Following on from the refurbishment of Monkwearmouth Station Museum in 2007 a new building to house the two historically significant railway wagons displayed in the Sidings since 1977 was planned. The wagons, a prototype Goods Brake Van built at Shildon in 1915 and a Covered Carriage Truck built, according to records, at York in 1939, have suffered from being out in the open in all weathers and are in need of restoration to bring them back to good order.
It is clearly not worth spending money on them just to sit out in the open again. Plans to provide a shelter building started to be drawn up in earnest in 2008, money having been secured from the Department of Culture, Media and Sport. Construction started in May this year and that building is now complete and was handed over to the Museum on 9 November. The wagons were ceremonially winched into their new home on the following day, Wednesday 10th November.
In the meantime a lot of work by the staff of Tyne and Wear Archives and Museums to secure funding for the restoration work and grants have been awarded by the Heritage Lottery Fund, The Fund for the Preservation of Industrial and Scientific Material (PRISM), Garfield Weston Foundation, Trusthouse Charitable Foundation, Tyne & Wear Museums Archives & Museums Business Partners and Friends of Sunderland Museums (FOSUMS). This has raised £145,806 to not only restore the wagons but to also have first class interpretation and develop a learning programme to involve members of the community and interested people to be involved and to learn about their heritage through both formal and informal learning events and projects. If you are interested in being involved in the project please contact me and let me know.

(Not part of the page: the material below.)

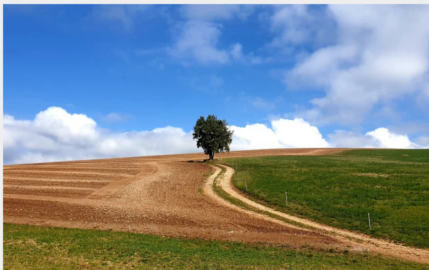
De St Félix à la Loubière (Roquefort Tourisme)

Through me as your guide through this blog you will be able to learn about the project, the people and the processes involved. If there is more you want to know ask me what and I will ask our team of specialists to provide the answer if it is not something I can not help you with myself. You will meet them all here as the project progresses through its various stages towards its completion and the opening of the new attraction due in September 2011.
The first thing we must do is dry the wagons out having stood out in the rain (and there has been a lot of it recently) and so they will be left to dry out in their new home for about three weeks. This will give us time to appoint the restoration contractor to do the specialist reconstruction work and the design consultant who will lead on the interpretation.